When she was well enough to come home, I was instructed to keep her on canned cat food and Metamucil. Kevin and I had a serious conversation. He said, “We have to figure out some way to prevent this from ever happening again. It was hard on you and it hammered her.”
A lion cut and bath every six weeks was the answer. Kevin’s tech, Pam, who professionally grooms Persians, suggested that I learn to do it myself. She gave me a catalog and told me which clippers to order. And she warned me that clipping a cat would not be easy. I told her I thought if I could expertly shave an entire horse for a show, as I had been paid to do many times, I could certainly shave a cat. Pam just laughed at that. She said shaving a cat is much harder than shaving a horse, and that I would soon find out for myself.

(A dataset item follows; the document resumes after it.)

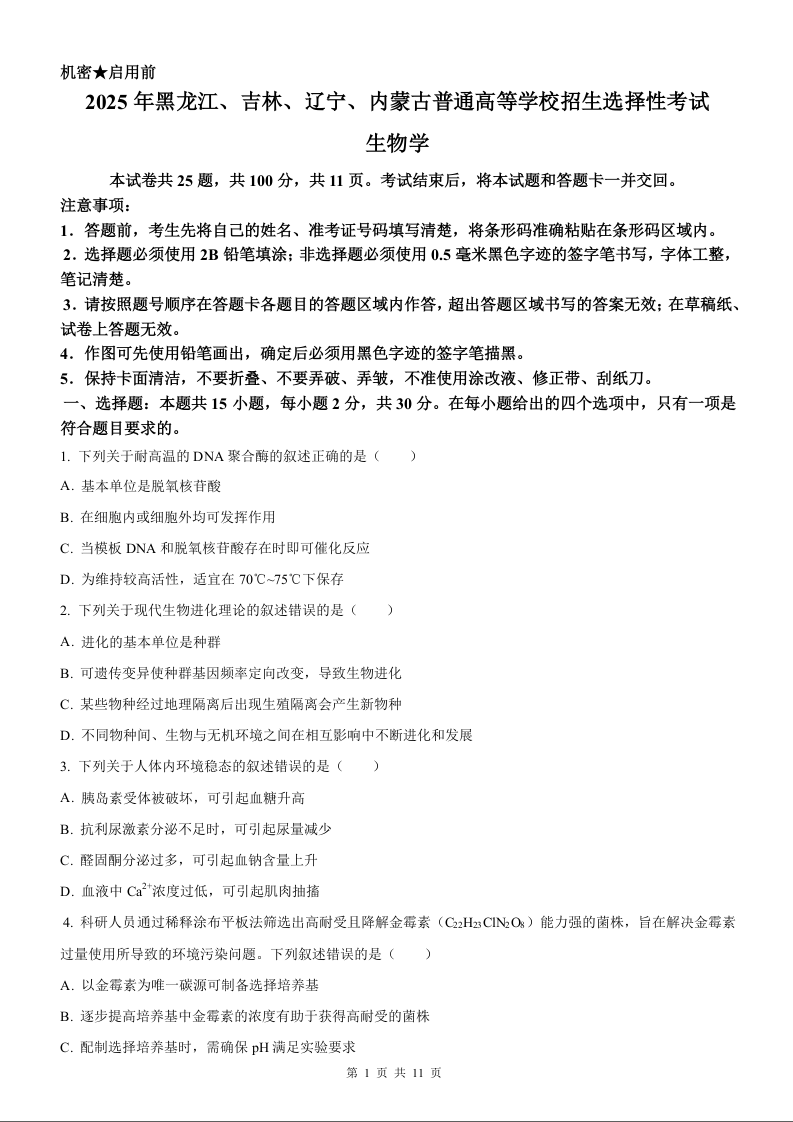 2025年生物高考真题--黑龙江、吉林、辽宁、内蒙古卷

How right she was. The first time I clipped Topaz it took hours, with my poor baby crying and scratching at me. I sat on the hardwood floor in the living room, singing shakily, trying to calm both of us. There was so much hair! And I was terrified of cutting her delicate skin. The clippers would get hot and I would have to stop and let them cool off to keep from burning her. We finally emerged, surrounded by piles of orange and white fluff--a miserable-looking kitty with a shabby excuse for a lion cut, and a bloodied owner. This was the ultimate bad hair day! The bath was a shambles, too, though Topaz was too tired to fight; she gasped and cried, but I got her washed and rinsed, and wrapped in a towel to get off the excess water.
Strangely enough, my dear kitty, after sitting under a lamp and drying herself, came prancing up to me, head held high and tail proudly swishing. All that evening and for the next few days, she lavished me with endearments: the cherished silent meow; the most audible of purrs; the rubbing of her face against my hand; the bright tender looks in her gold-speckled eyes. She knew! She knew I was doing it all out of love, and she knew I ached inside putting her through so much because of my ineptness. I called her my lovely lion, queen of all cats. Topaz understood.
Nanette Lockwood lives in Newport, Oregon, with her four Persians and a domestic longhair. She is a published author, and she has been training animals using operant conditioning and compassion (from horses to honeybees) for thirty years.